#### [PROBLEM STATEMENT]
Print exactly, and only, the lines from the one that has "Nulla da fare, il" through the end of the material below, with both ends included and the pictures omitted.

#### [DATA]
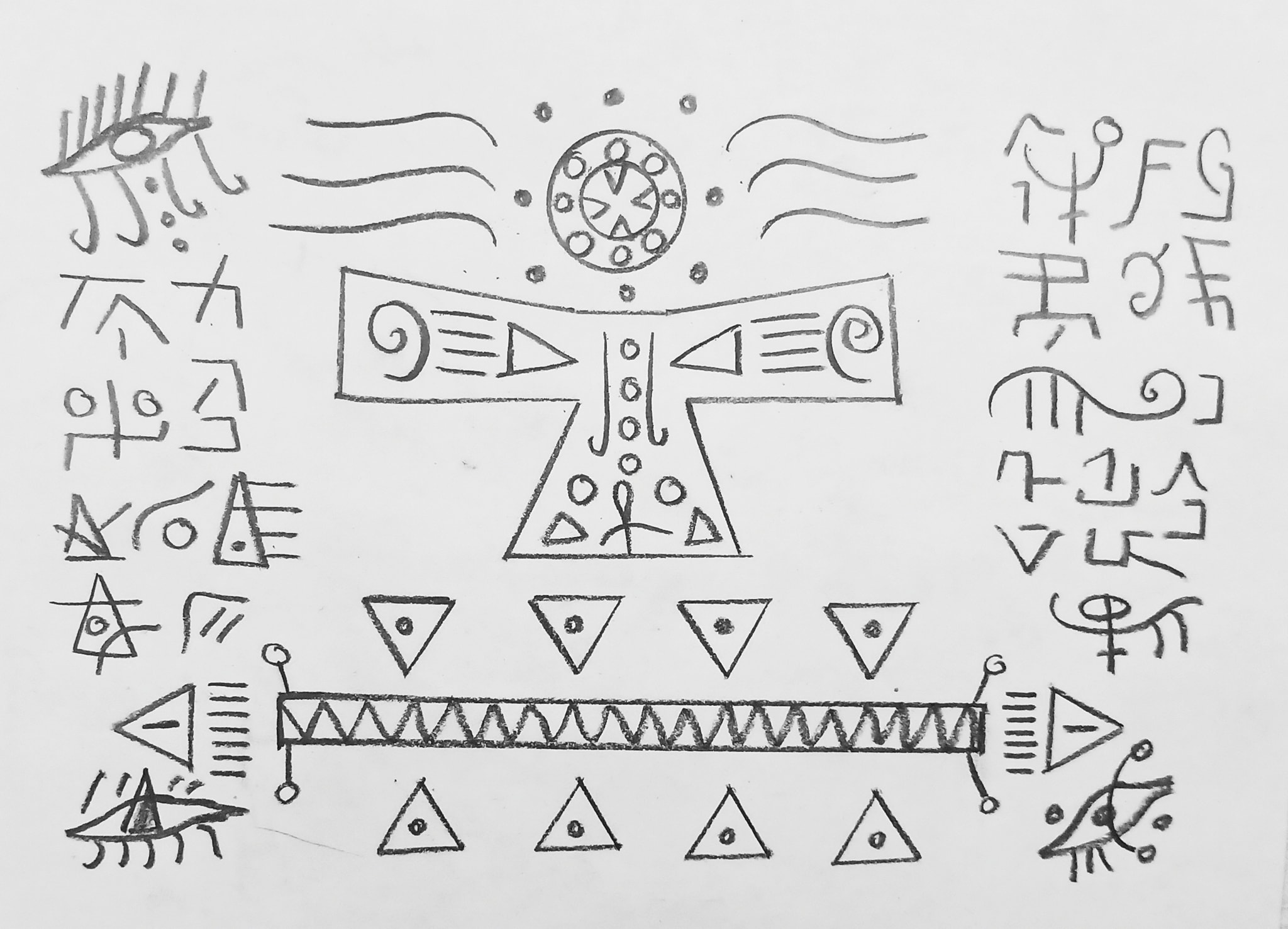 Below you will find pictographs by our cosmic brother Gabriel Medina (Big bang quasares andromeda dimencional)
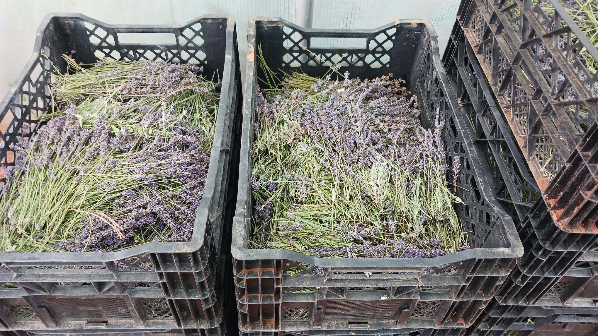 Neben dem Grüner Lavendel, der wegen einer großen Bestellung mehr Zeit einnimmt, habe ich noch die Myrte und den Muskatellersalbei eingeschoben. Leider ist das Wetter noch ungewöhnlich instabil, normalerweise haben wir spätestens ab Mitte Juni durchgängig sonniges und (sehr) warmes Wetter. Daher habe ich noch vor ein paar Tagen den Lavendel geerntet, da wir wieder eine Periode mit kühlen, wolkigen Tagen angesagt war. Ist dann auch so gekommen, so war ich doch froh, die Ernte erledigt zu haben. Der Lavendel war schon am Abblühen, das ist ein guter Zeitpunkt für die Ernte. Insgesamt ist die Ernte beim Lavendel nicht so groß ausgefallen, ich hoffe, dass irgendwann einmal mehr Pflanzen nachwachsen als kaputt gehen. Dieses Jahr ist die Anzucht recht erfolgreich gewesen, nun gilt es, die Pflanzen auf dem Acker bestmöglich zu versorgen.
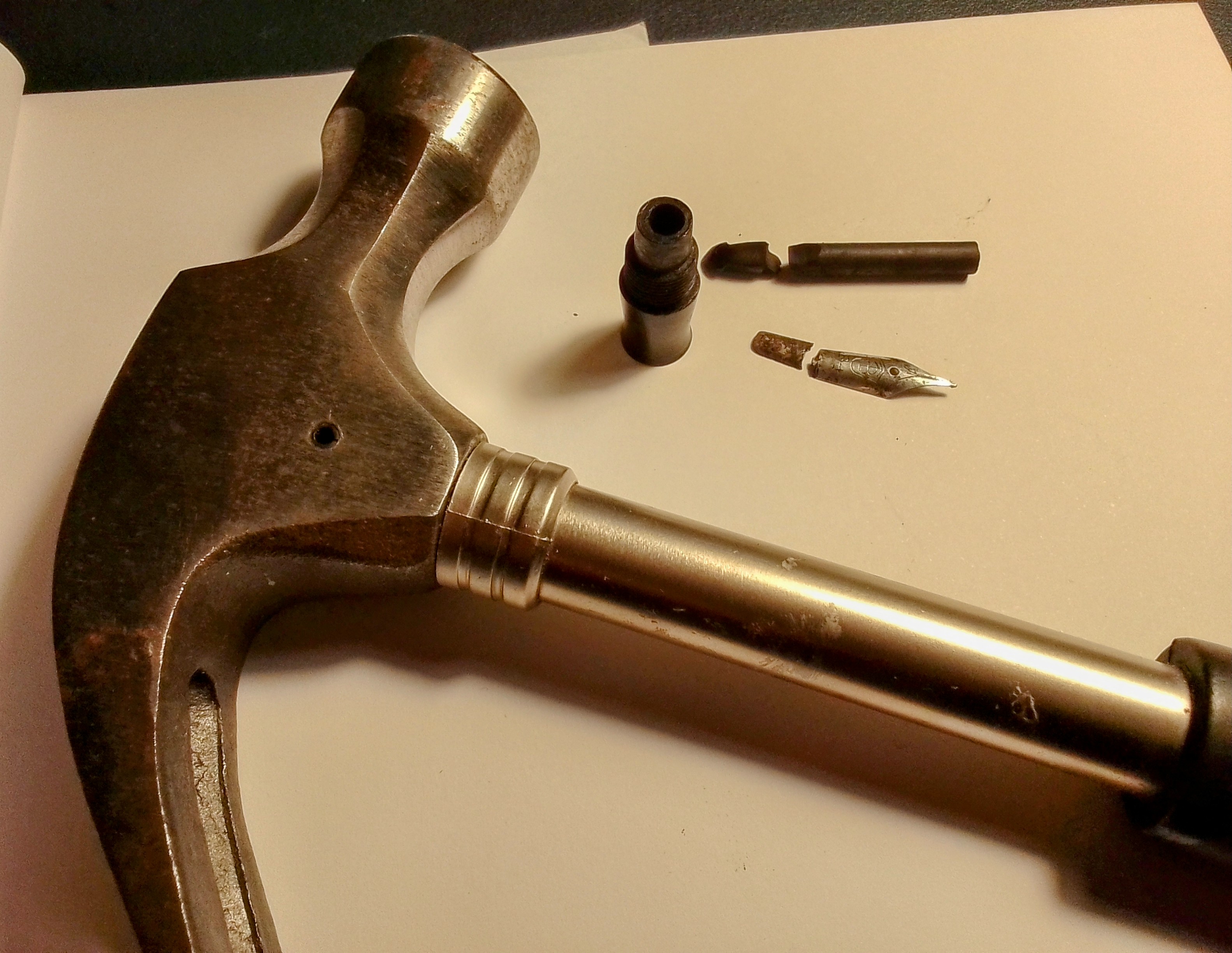Nulla da fare, il conduttore e l'alimentatore in ebanite cedono, e il pennino si spezza ogni volta all'altezza del colletto e l'alimentatore non esce ( infatti è ancora saldato all'interno con il residuo del collo del pennino spezzato, non si muove nemmeno di 1 micron) .
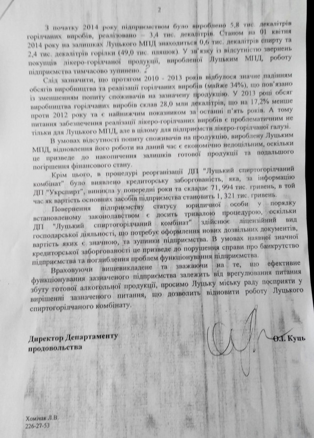Нагадаємо, колишня корупційна влада позбавила юридичного статусу заводу, відповідно, в Луцьку тепер знаходиться лише цех. У зверненні міськради йшлося про те, щоб вивести його ДП «Укрспирт» та сприяти відновленню діяльності заводу.
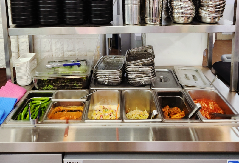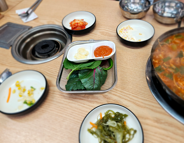 가정식 기본 반찬으로 김치, 콩나물무침, 어묵조림, 콘샐러드, 상추, 고추, 마늘 딱 필요한 것만 나왔습니다. 밑반찬은 셀프바를 통해 가져다 먹을 수 있어요. 매콤한 돼지찌개에 콩나물무침과 야채를 몇 번이나 가져왔어요.

#### [SOLUTION]
Nulla da fare, il conduttore e l'alimentatore in ebanite cedono, e il pennino si spezza ogni volta all'altezza del colletto e l'alimentatore non esce ( infatti è ancora saldato all'interno con il residuo del collo del pennino spezzato, non si muove nemmeno di 1 micron) .
Нагадаємо, колишня корупційна влада позбавила юридичного статусу заводу, відповідно, в Луцьку тепер знаходиться лише цех. У зверненні міськради йшлося про те, щоб вивести його ДП «Укрспирт» та сприяти відновленню діяльності заводу.
 가정식 기본 반찬으로 김치, 콩나물무침, 어묵조림, 콘샐러드, 상추, 고추, 마늘 딱 필요한 것만 나왔습니다. 밑반찬은 셀프바를 통해 가져다 먹을 수 있어요. 매콤한 돼지찌개에 콩나물무침과 야채를 몇 번이나 가져왔어요.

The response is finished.